Go to the previous, next section.

Patterns

Patterns in awk control the execution of rules: a rule is executed when its pattern matches the current input record. This chapter tells all about how to write patterns.

Kinds of Patterns

Here is a summary of the types of patterns supported in awk.

/regular expression/
A regular expression as a pattern. It matches when the text of the input record fits the regular expression. (See section Regular Expressions as Patterns.)

expression
A single expression. It matches when its value, converted to a number, is nonzero (if a number) or nonnull (if a string). (See section Expressions as Patterns.)

pat1, pat2
A pair of patterns separated by a comma, specifying a range of records. (See section Specifying Record Ranges with Patterns.)

BEGIN
END
Special patterns to supply start-up or clean-up information to awk. (See section BEGIN and END Special Patterns.)

null
The empty pattern matches every input record. (See section The Empty Pattern.)

Regular Expressions as Patterns

A regular expression, or regexp, is a way of describing a class of strings.
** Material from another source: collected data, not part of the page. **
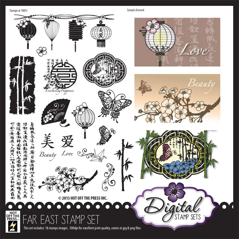 These elegant Asian inspired digital images by Hot Off The Press are perfect for digital scrapbooking, digital card making, and all your paper crafting needs. There are no limits to this versatile collection of 18 designs including lanterns, butterflies, blooms and words. Digital stamps are extremely versatile. They're similar to traditional stamps, but with benefits!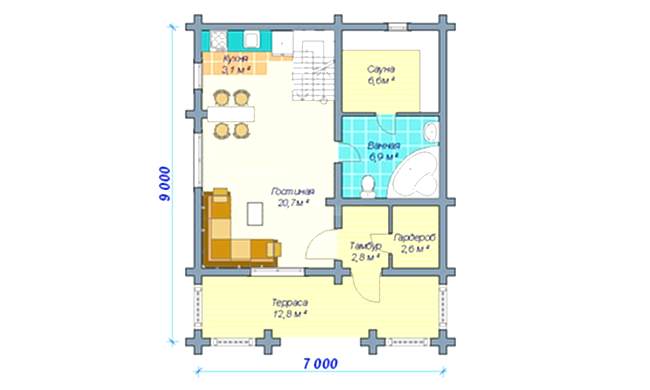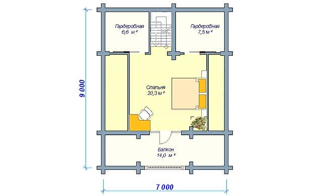 Проект одноэтажного дома Pin Up 12» с мансардой, террасой и балконом из оцилиндрованного бревна.Площадь Пушкина, 40 составляет 73 кв.м а размеры 7 х 9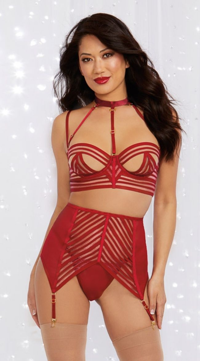 Description: Sheer striped elastic, collared, strappy underwire long-line bra, high waist garter belt and G-string 3-piece set • Removeable collar and neck straps • Shiny gold decorative rings and hardware • Hook and eye back closures • Adjustable straps • Mitre’d sheer stripe details on garter belt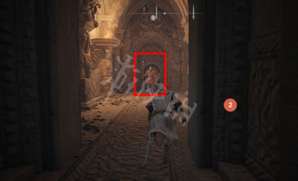 沿着通道一直向前,来到有一名士兵守门的房间。需要注意的是右手边的墙壁后面还有一名士兵。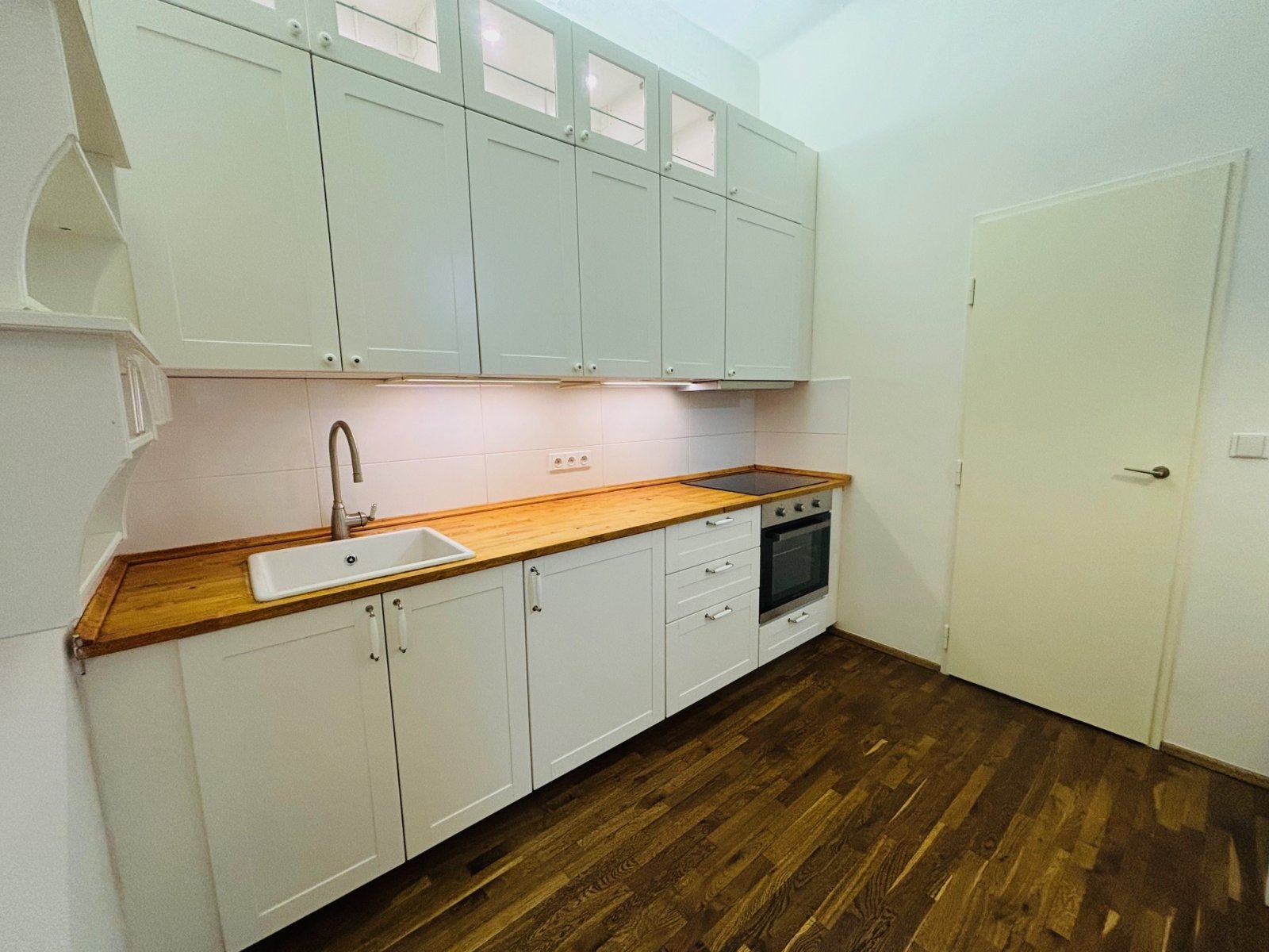 Byt je po rekonstrukci a nabízí se částečně zařízený – kuchyňská
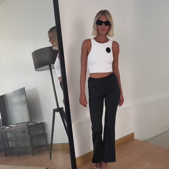 These cropped flared trousers are a stylish wardrobe piece with a nod to retro aesthetics.Perfectly paired with tops, blouses, or blazers — whether for a casual outing or a striking event.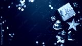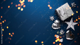 Merry Christmas and Happy Holidays greeting card, frame, banner. New Year. Noel. Christmas ornaments and gift on blue background top view. Winter xmas holiday theme. Flat lay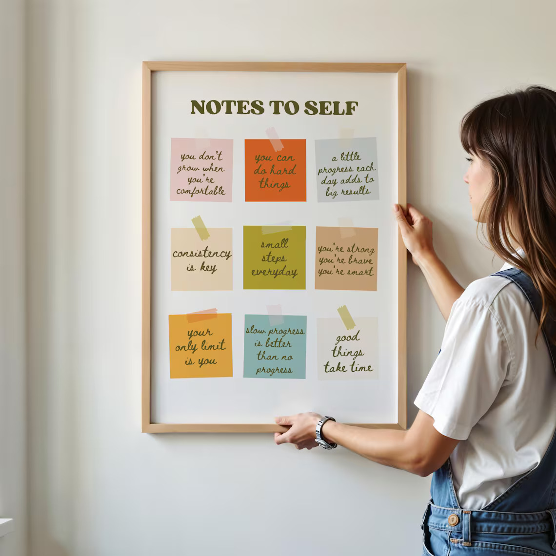 A Daily Dose of Kindness and Courage Transform your workspace or personal sanctuary into a hub of positivity with our "Notes to Self" wall art. We often forget to speak to ourselves with the same grace we offer others; this piece acts as a visual anchor, grounding you in the healthy habits and affirmations necessary for personal growth. It isn’t just a decoration—it’s a mindset captured in a frame.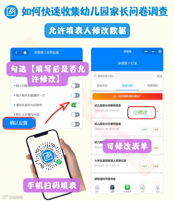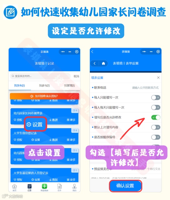 答:担心填表者手滑填错信息?你可以在表填填小程序表单中设置「微信中填表后允许填表人修改数据」,而不必让他重新填写一份新的数据。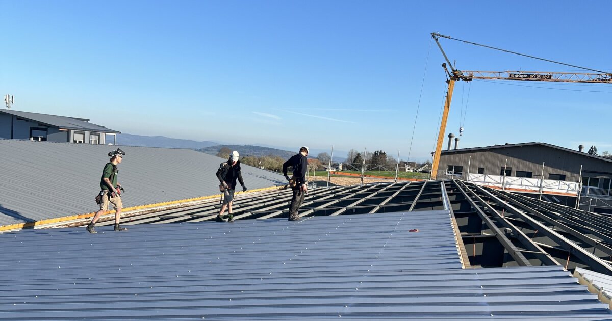 Die Gebäudehülle nimmt bereits Form an: Die Wände wurden mit Sandwichpaneelen erstellt. Das alte Dach aus Asbest-Eternit wurde fachgerecht und gemäss den geltenden Vorschriften zurückgebaut und entsorgt. Aktuell wird ein neues Dach ebenfalls in Sandwichbauweise montiert.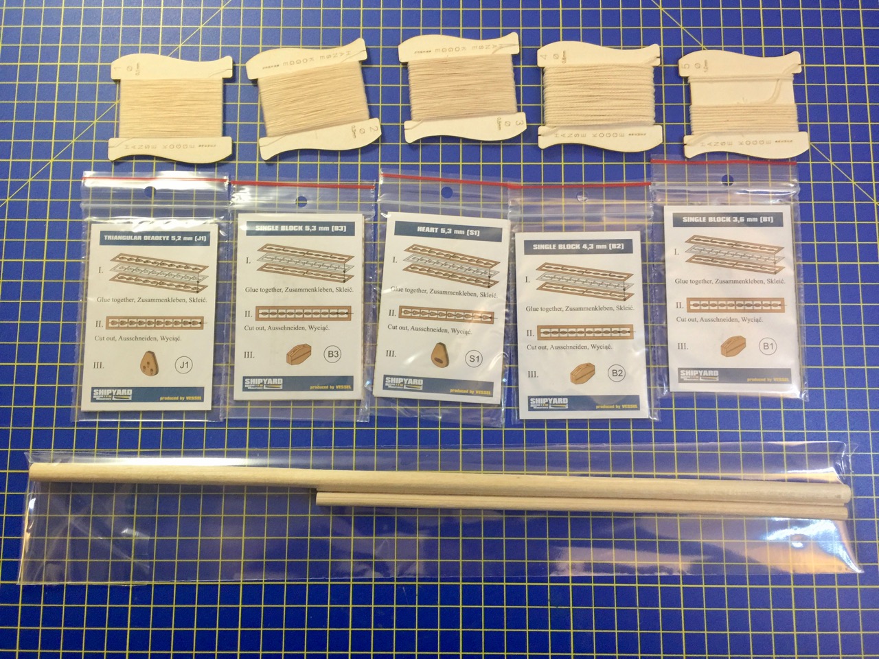Rigging line, wooden dowels (some things are easier to make from wood on a card model), and six packages of laser-cut blocks, hearts, and deadeyes – some assembly required.

A regular expression enclosed in slashes (`/') is an awk pattern that matches every input record whose text belongs to that class.

The simplest regular expression is a sequence of letters, numbers, or both. Such a regexp matches any string that contains that sequence. Thus, the regexp `foo' matches any string containing `foo'. Therefore, the pattern /foo/ matches any input record containing `foo'. Other kinds of regexps let you specify more complicated classes of strings.

How to Use Regular Expressions

A regular expression can be used as a pattern by enclosing it in slashes. Then the regular expression is matched against the entire text of each record. (Normally, it only needs to match some part of the text in order to succeed.) For example, this prints the second field of each record that contains `foo' anywhere:

awk '/foo/ { print $2 }' BBS-list

Regular expressions can also be used in comparison expressions. Then you can specify the string to match against; it need not be the entire current input record. These comparison expressions can be used as patterns or in if, while, for, and do statements.

exp ~ /regexp/
This is true if the expression exp (taken as a character string) is matched by regexp. The following example matches, or selects, all input records with the upper-case letter `J' somewhere in the first field:

awk '$1 ~ /J/' inventory-shipped

So does this:

awk '{ if ($1 ~ /J/) print }' inventory-shipped

exp !~ /regexp/
This is true if the expression exp (taken as a character string) is not matched by regexp. The following example matches, or selects, all input records whose first field does not contain the upper-case letter `J':

awk '$1 !~ /J/' inventory-shipped

The right hand side of a `~' or `!~' operator need not be a constant regexp (i.e., a string of characters between slashes). It may be any expression. The expression is evaluated, and converted if necessary to a string; the contents of the string are used as the regexp. A regexp that is computed in this way is called a dynamic regexp. For example:

identifier_regexp = "[A-Za-z_][A-Za-z_0-9]+"
$0 ~ identifier_regexp

sets identifier_regexp to a regexp that describes awk variable names, and tests if the input record matches this regexp.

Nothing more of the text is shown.